It isn't graphics I was on about, it was gameplay. Take the scout as an example, running about at light speed, jumping and double jumping would completely take away from the experience when you are trying to make it a little realistic.

I think we are talking about the same thing, but saying it differently


----------



## tlarkin

Aastii said:


> It isn't graphics I was on about, it was gameplay. Take the scout as an example, running about at light speed, jumping and double jumping would completely take away from the experience when you are trying to make it a little realistic.
> 
> I think we are talking about the same thing, but saying it differently



I see what you are saying. I am OK with class differences, or things like heavy body armor makes you move slow.   However, the pay off is you get more protection.  If you choose to opt out of wearing body armor you are a lot faster, but also subjected to take more damage per a hit.

Things like blind fire will have way more recoil and be way less accurate since you are firing blind.  I think if you tweak it enough it would work, be different, and innovate some and borrow from other existing successful titles.


----------



## russb

I play blops mainly because there is nothing else that intrests me.I play on my clans servers which is tdm hc but whats giving me hump is the teamkill.When you are against another team you are going to lob grannies. How many times has one or more of your so called team gone and run into the spot where you have put a granny.Then you get penalized for a team kill and lose points.I think i will give up playing games as it is doing my brain in.


----------



## tlarkin

31!m!n80r said:


> A year or two of runescape took care of my MMO for a very long time. And yes, I know, runescape is hardly even an MMO.



Sucks your life away.....that is why I don't play them anymore.  Plus back then they were hard, now they are super easy and they encourage people to play more because it is about time spent playing rather than skill.



> I play blops mainly because there is nothing else that intrests me.I play on my clans servers which is tdm hc but whats giving me hump is the teamkill.When you are against another team you are going to lob grannies. How many times has one or more of your so called team gone and run into the spot where you have put a granny.Then you get penalized for a team kill and lose points.I think i will give up playing games as it is doing my brain in.



Dude, you throw grannies in this game?  What the heck?


----------



## Aastii

russb said:


> I play blops mainly because there is nothing else that intrests me.I play on my clans servers which is tdm hc but whats giving me hump is the teamkill.When you are against another team you are going to lob grannies. How many times has one or more of your so called team gone and run into the spot where you have put a granny.Then you get penalized for a team kill and lose points.I think i will give up playing games as it is doing my brain in.

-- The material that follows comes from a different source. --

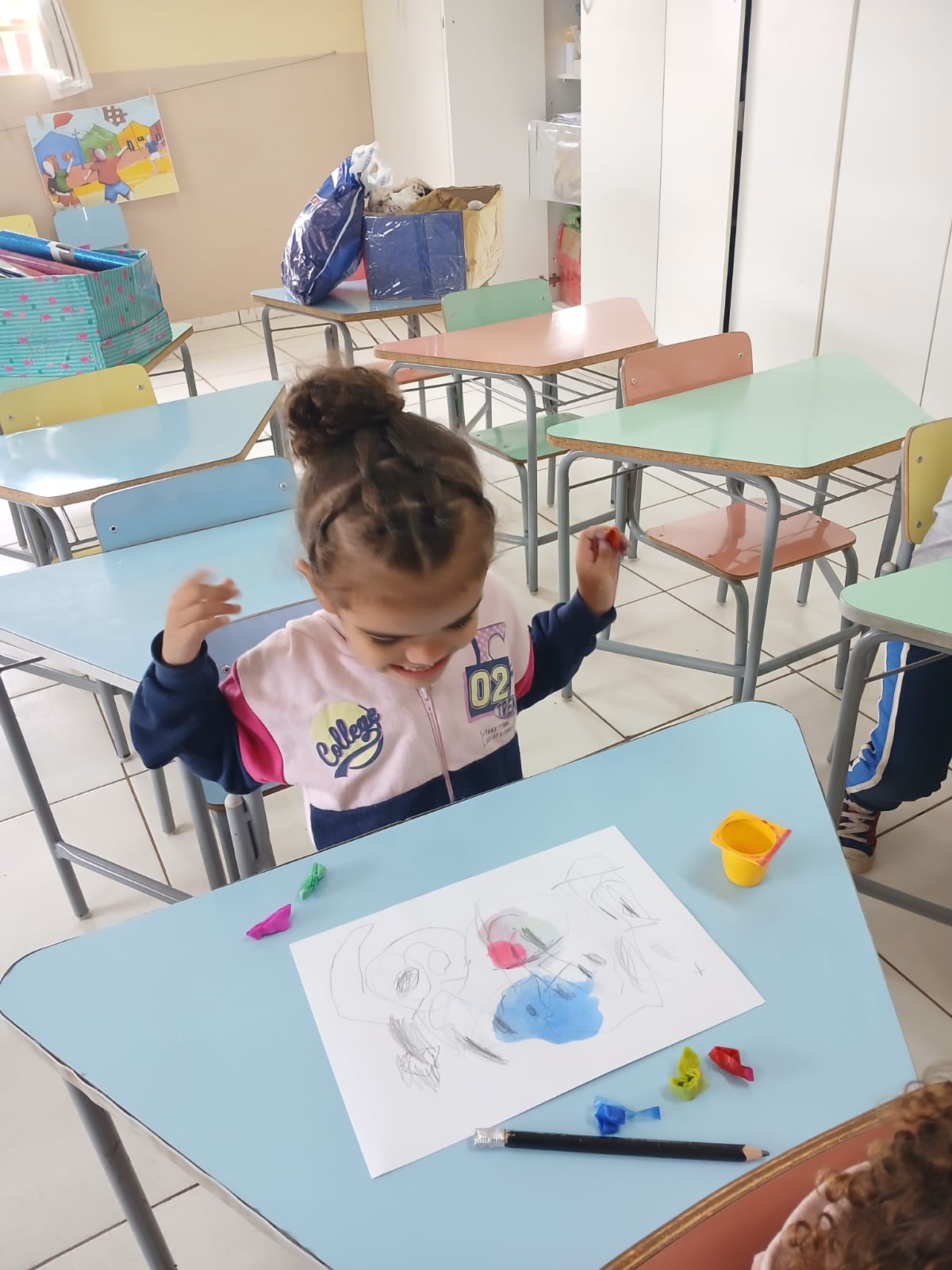 Aqui, cada riscador e cada suporte se transforma em uma nova descoberta. Nossos pequenos experimentam com cores, texturas e formas, desenvolvendo a criatividade e a imaginação.

Can tk not be turned off, or have they made it like MW2 where they couldn't be arsed to put the options in to have it off on hardcore? If the latter, that is just plain stupid. The majority of hardcore servers on the other CoD games had no tk on, so what made Activision think that hardcore immediately mean you must have teamkilling is beyond me. Goes to show exactly how much they listen to and care about their community


----------



## russb

I dont know if it can be turned off but if you tk 5 times in the match you are
 kicked and i think it is built into the game.


----------



## ModernMind

Twist86 said:


> I think that with about 95% of the games released anymore. Reason I been scooping the games I do like (but wouldn't pay premium for) off ebay for $5 a piece lol.  Plus if I screw the company over MAYBE they will start making better games once their milking strategy fails.




I am afraid that milking strategies will not fail so easily. Also the above poster about blizzard does not realise that he is too a victim of blizzard's milking strategy


----------



## Okedokey

Aastii said:


> Can tk not be turned off, or have they made it like MW2 where they couldn't be arsed to put the options in to have it off on hardcore? If the latter, that is just plain stupid. The majority of hardcore servers on the other CoD games had no tk on, so what made Activision think that hardcore immediately mean you must have teamkilling is beyond me. Goes to show exactly how much they listen to and care about their community



Of course you can turn friendly fire on or off.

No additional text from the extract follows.